The Union-Tribune examined if San Diego County can build more housing to slow the pace of rent and home price increases, concluding that zoning changes, a change in dwelling preference and reduced regulation are sorely needed if the current undersupply issue is to be properly addressed.
Making sense of the story:
- San Diego County is now rated as the 11th least affordable housing market worldwide, according to this year’s Demographia International Housing Affordability Survey.
- Last year in San Diego County only about 10,000 housing units were approved, and most were for rent, not for-sale homes and condos.
- The price premium between San Diego and the national average has widened from 30.6 percent to 157.4 percent, census surveys show. Last year, the average value of a San Diego County house was listed at $527,600, compared with $477,500 statewide and $205,000 nationwide.

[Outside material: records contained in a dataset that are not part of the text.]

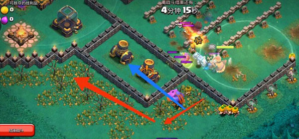女王拆掉x弩后,在如图所示位置放超级蓝胖,超级蓝胖会先按蓝色箭头方向摧毁两个迫击炮,然后往红色箭头方向移动。
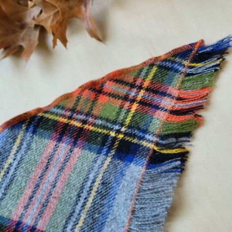Autumnal shades of moss green, royal blue, yellow, black and orange on a medium gray backgound, this medium weight bandana has been lightly frayed and is ready for cozy nights by the fire!
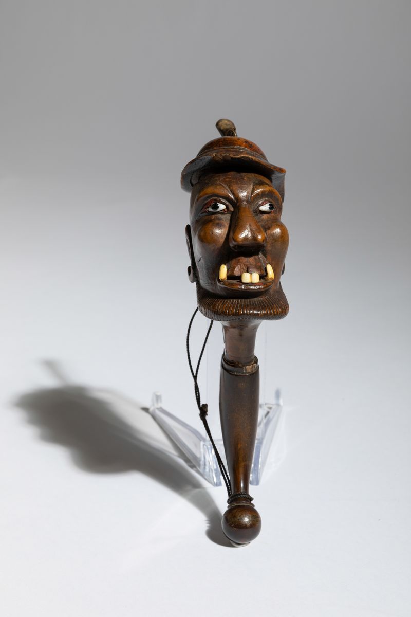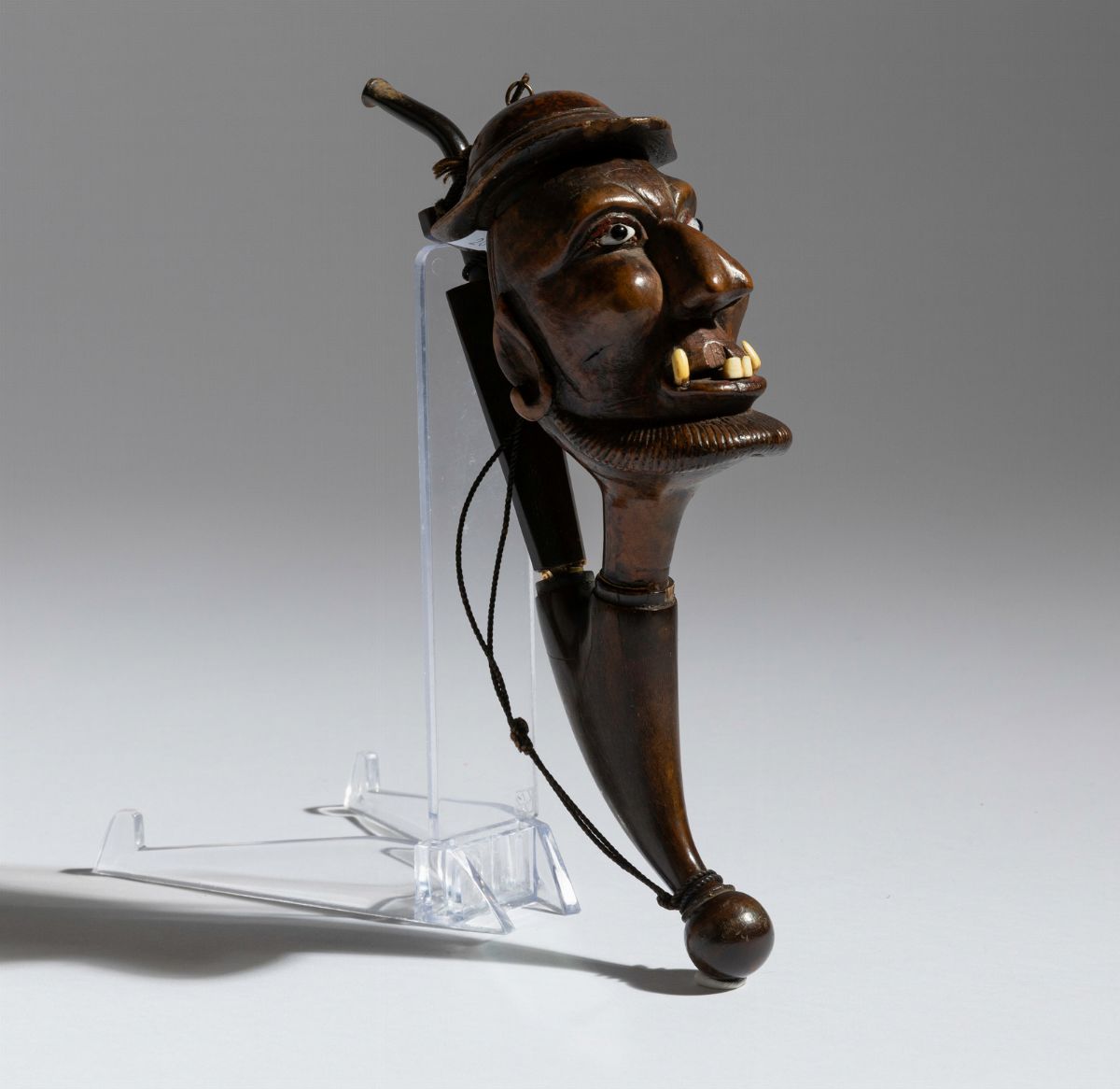 Pipa in radica raffigurante uomo con cappello con dettagli in osso, pasta di vetro e bocchino in corno, Svizzera, fine del XIX secolo
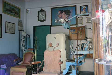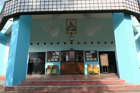 正面の通りは商店街らしく金物屋や薬屋、床屋に縫製店、時計屋などが並んでおり、正面にはパステルブルーの映画館が建っていた。
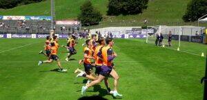3° giornata viola qui a Moena Impianto Sportivo Benatti; Tempo bellissimo nemmeno una nuvola, temperatura accettabile; allenamento che ha preso il via …sta andando in scena una partitella a ranghi contrapposti 11 contro 11 a metà campo gialli contro viola. Impegnatissimo Dusan Vlahovic arrabbiatissimo sia con se stesso sia con alcuni compagni…adesso anticipato da Venuti prima di tirare. In porta da una parte Dragowski dall’altra Antonov l’ultimo arrivato in maglia viola. Alle 13 parlerà Maleh il ragazzo acquistato nella sessione invernale dal Venezia, lasciato in laguna a maturare. Per la cronaca segna Kokorin ( ..Kakorin oggi forse nevicherà…!!) . Ora come ora pausa rinfrescante.Poi ad elenco dettato alla voce chi va ad indossare le casacchine arancioni chi le gialle chi in maglia viola 3 gruppi ; anda e rianda scatti a metà campo..le classiche “ripetutine…
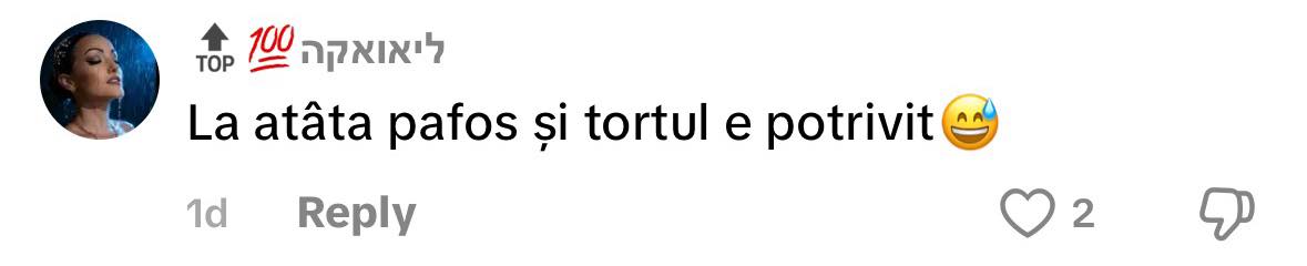 „Acesta-i tort, două piceni”, „La atâta pafos și tortul e potrivit”, „E o bucată de cușma lui guguță de la port mall?”, au comentat oamenii pe rețelele de socializare.

- On the rental side, vacancy rates stand at only 2 or 3 percent in most neighborhoods when at least 5 percent is considered optimal for a balanced market.

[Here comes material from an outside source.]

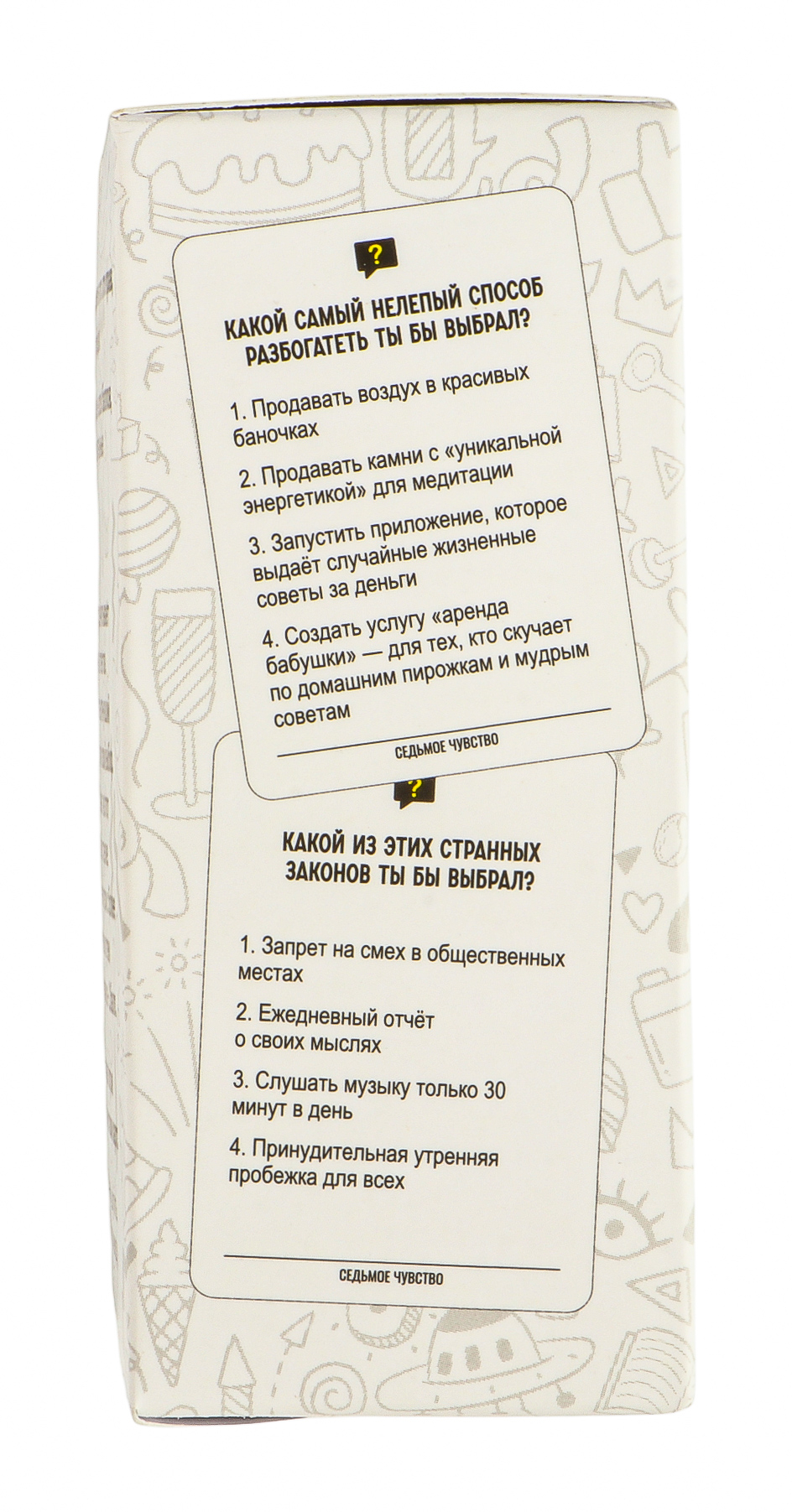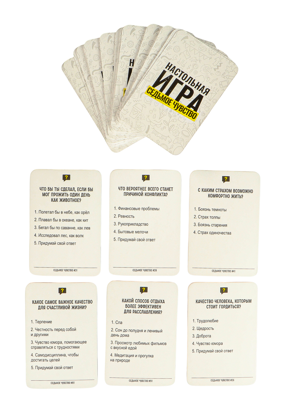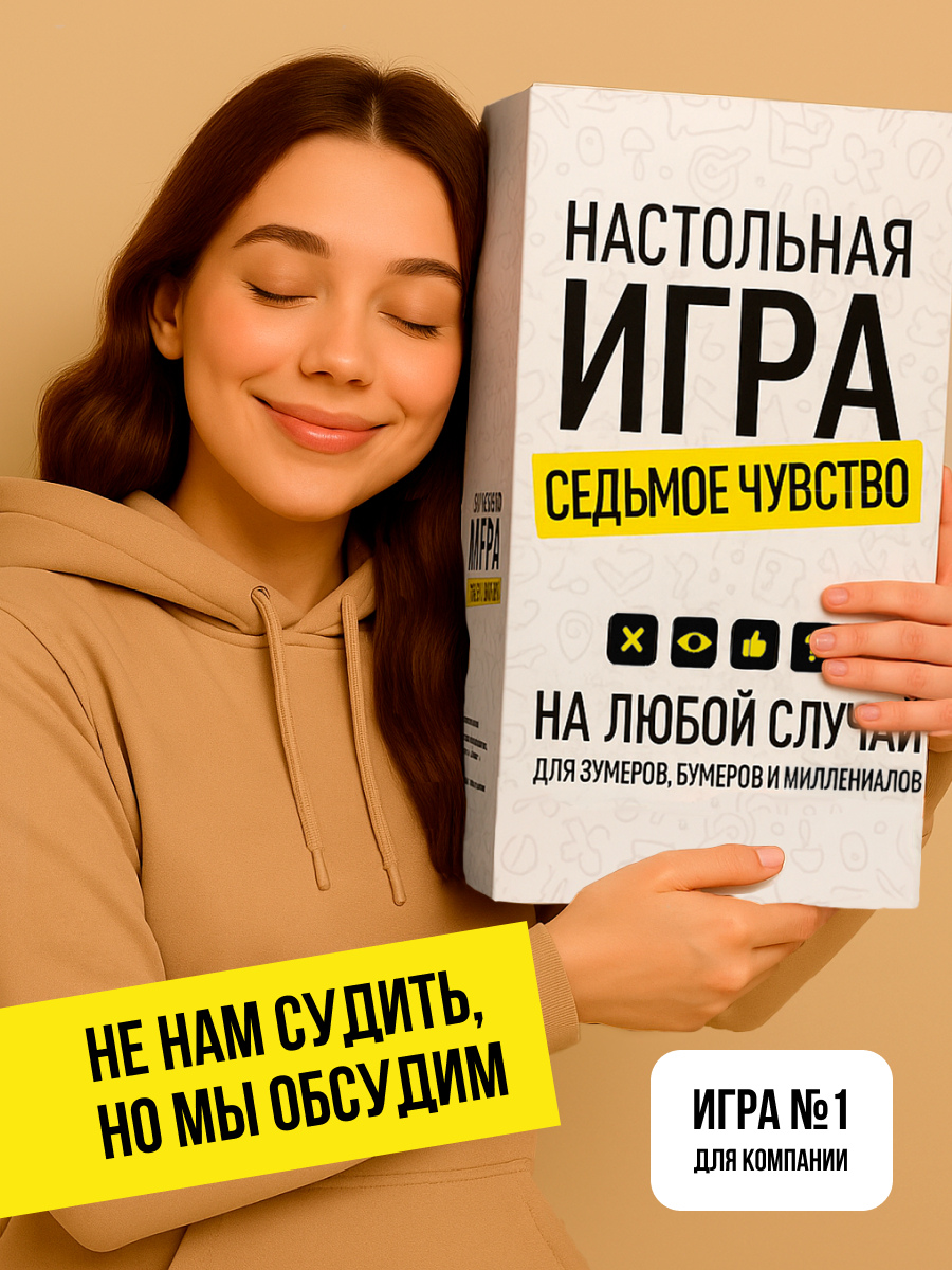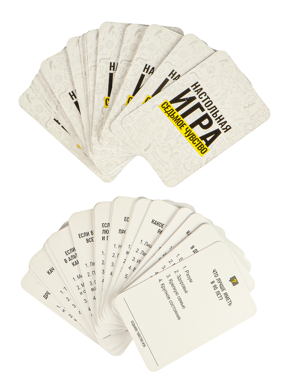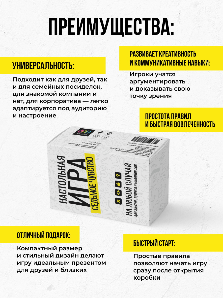 "Седьмое чувство" – универсальная настольная игра, которая подойдёт для всей семьи, весёлой компании друзей или даже для вечера вдвоём. Это игра на обсуждение, в которой побеждает тот, кто лучше аргументирует свой выбор и сможет убедить остальных.

- What actually gets built in San Diego is aimed at the upper end of the market in both rental and for-sale housing. That’s where the most profit margin lies, given the restrictions imposed by lenders after the real estate collapse a decade ago.

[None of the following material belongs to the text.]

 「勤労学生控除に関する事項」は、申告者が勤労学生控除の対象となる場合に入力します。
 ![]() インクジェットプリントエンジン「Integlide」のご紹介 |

- Since 2000, the county population has grown by 310,383 while the housing count is up by 161,468 units falling 40,500 homes short of what projected population growth would dictate. San Diego should be building 16,500 homes per year over the next decade to make up for the shortfall and cover continued growth
- Zoning changes, an emphasis on townhomes and reduced regulation would likely speed up construction, as would reducing opportunities for anti-development litigation. A streamlined permitting process and a change in parking requirements would also help resolve the situation.